29 Mart 2009 yerel seçimlerinin sonuçlarını doğru okumak, ülkemizin gelecek çeyrek asırlık siyasal tarihini doğru algılamak kadar önemlidir. Bu da yeni sürecin siyasal tercihlerini, yapılanma ve yönelim etkinliklerini belirlemek demektir.
Ülkemizin ihtiyaç duyduğu gerçekçi siyasal dönüşümlerin yapılanması yerel seçimlerin yarattığı yeni güçler dengesinde çok anlamlı bir yere sahiptir.
Yerel seçimlerin ilk ve en önemli belirtilerini üç başlık altında toplayabiliriz.
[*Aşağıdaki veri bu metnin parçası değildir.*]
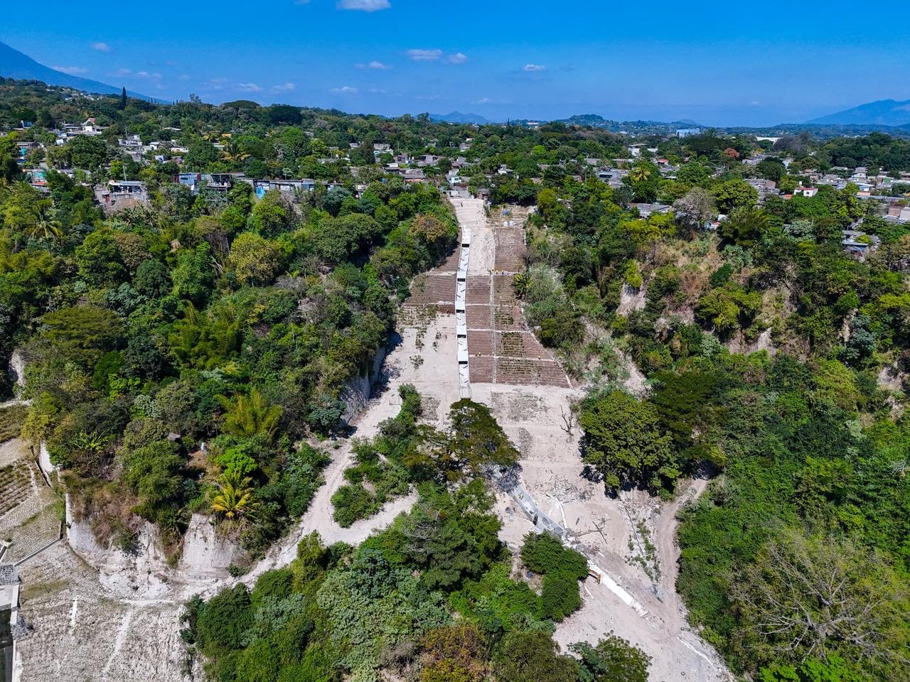 Los trabajos consistieron en el relleno masivo del terreno, la estabilización de taludes y la construcción de un nuevo sistema de drenaje para canalizar adecuadamente las aguas lluvias, evitando que futuras correntadas vuelvan a socavar el suelo.

Birincisi; ülke sathında demokrasi güçleri, gerici güçler karşısında denge durumuna gelebilecekleri kazanımlar elde etmiştir.
Kürdistan’da DTP’nin gösterdiği başarı, Devletin kurum ve kuruluşlarıyla elindeki mali ve askeri güçlerle, sınır ötesi operasyon, “yaratıcı anarşi” taktikleri ve akıllara ziyan baskılarıyla Kürt halkının özgürlük hareketine, demokrasi taleplerine yönelik saldırıları sonuç vermemiştir.
PKK ve onun siyasal yönelimlerini temsil eden güçler Kürt halkının gerçek temsilcileri olarak, devlete ve onun adına hareket eden gerici iktidara ağır bir darbe vurmuştur. Seçimleri ezici çoğunlukla kazanmıştır. Fırat’ın berisi demokrasi manivelası olarak ortak ülkemizin vazgeçilmez siyasal dayanaklarından biri olarak kararlılığıyla da ortaya çıkmıştır.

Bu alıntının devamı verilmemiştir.